It’s 25 years, almost to the day, since I started at the Financial Times. “One tip,” confided a more experienced colleague, early on: “Don’t stay more than five years, or you’ll be here for ever.”

The miracle, however, is not that I’m still here but that the graduate training programme is – alongside much larger versions operated by bigger companies, from Accenture to Zurich Insurance.

Such programmes face many threats, however. Companies face accusations that they hire graduate trainees as cheap labour. But the opposite risk worries boardrooms more: that such programmes are a costly investment in all-too-mobile assets. According to one more recent FT trainee, his contemporaries in other schemes regard their apprenticeship with “utter cynicism”, as a way of gaining the imprimatur of, say, a Big Four accountancy firm, before moving on to something trendier.
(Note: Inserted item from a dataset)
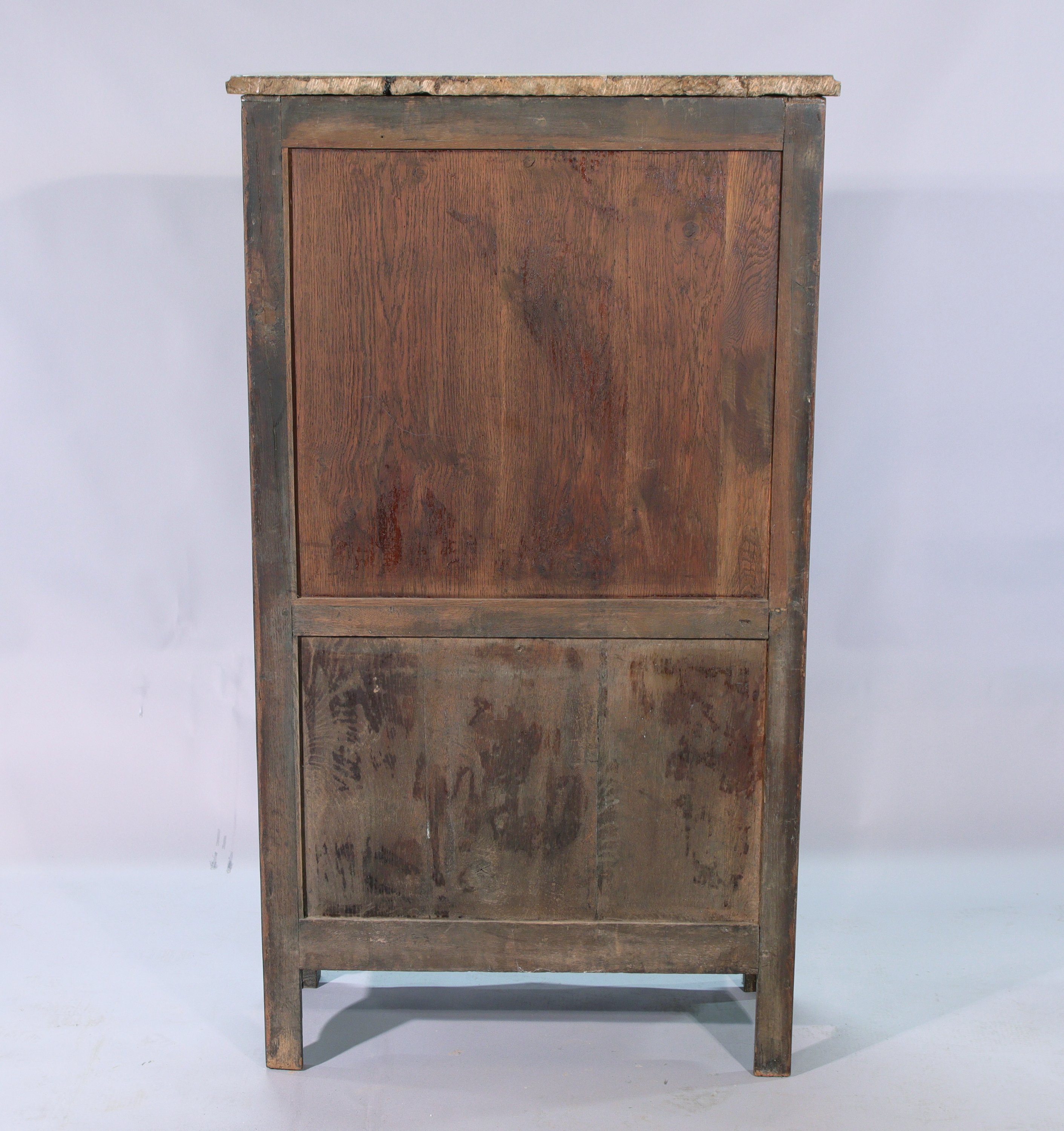 Garniture en bronze rapportée : poignées de tirage, chutes d'angles, entrées de serrures et cul de lampe.
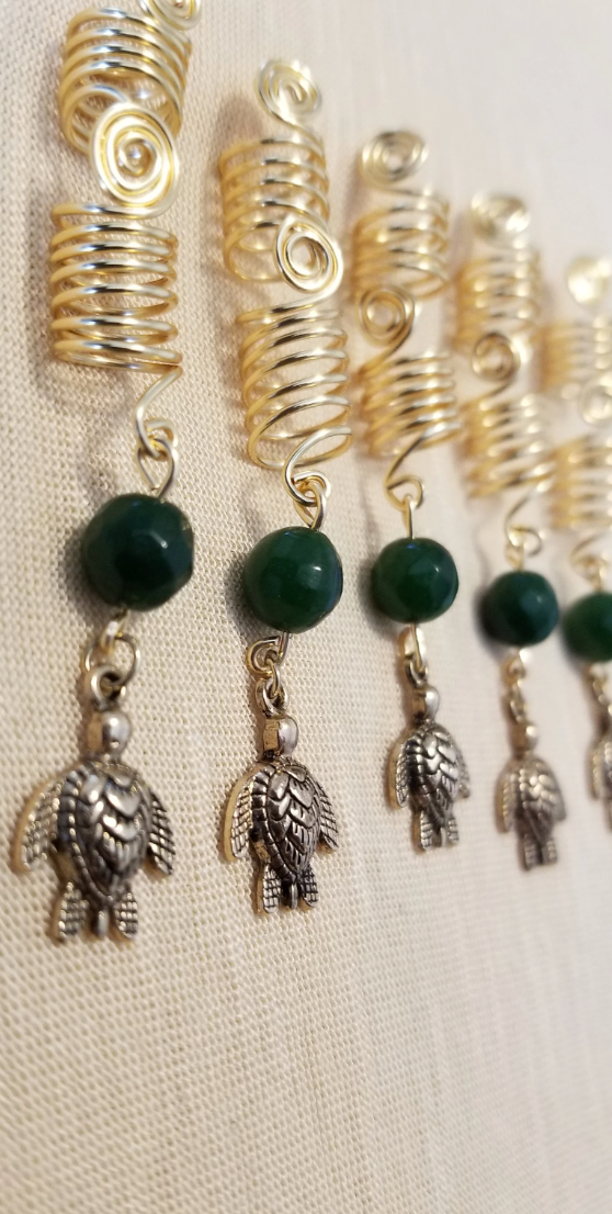 Go to the shopBeautiful loc jewelry with a turtle charm and jade bead*Handmade*Copper*#2 Pencil Size*Each bead is handmade and may vary slightly from photos*1pc=1 bead 2pc=2 bead.... etcAll are handmade with top quality tarnish resistant 18 and 20 gage copper wire.Wearing copper and crystal jewelry is believed to offer an abundance of benefits,...

Those who do stay risk becoming the most insular followers of a restrictive management culture – a charge laid against the BBC in a recent review of the missteps that eventually triggered the departure of the broadcaster’s director-general George Entwistle, himself a BBC lifer and former graduate trainee.

When companies are shedding experienced employees, some chief executives may feel it is perverse to go on sucking in ingénues, who think they know everything but in fact can’t locate the stationery cupboard, let alone the corporate strategy. Demand for jobs far exceeds supply and popular employers can use technological tools to attract and screen the best candidates, including proven experts. So why bother applying the cumbersome filter of an official scheme and wasting time and money on a formal training process for novices?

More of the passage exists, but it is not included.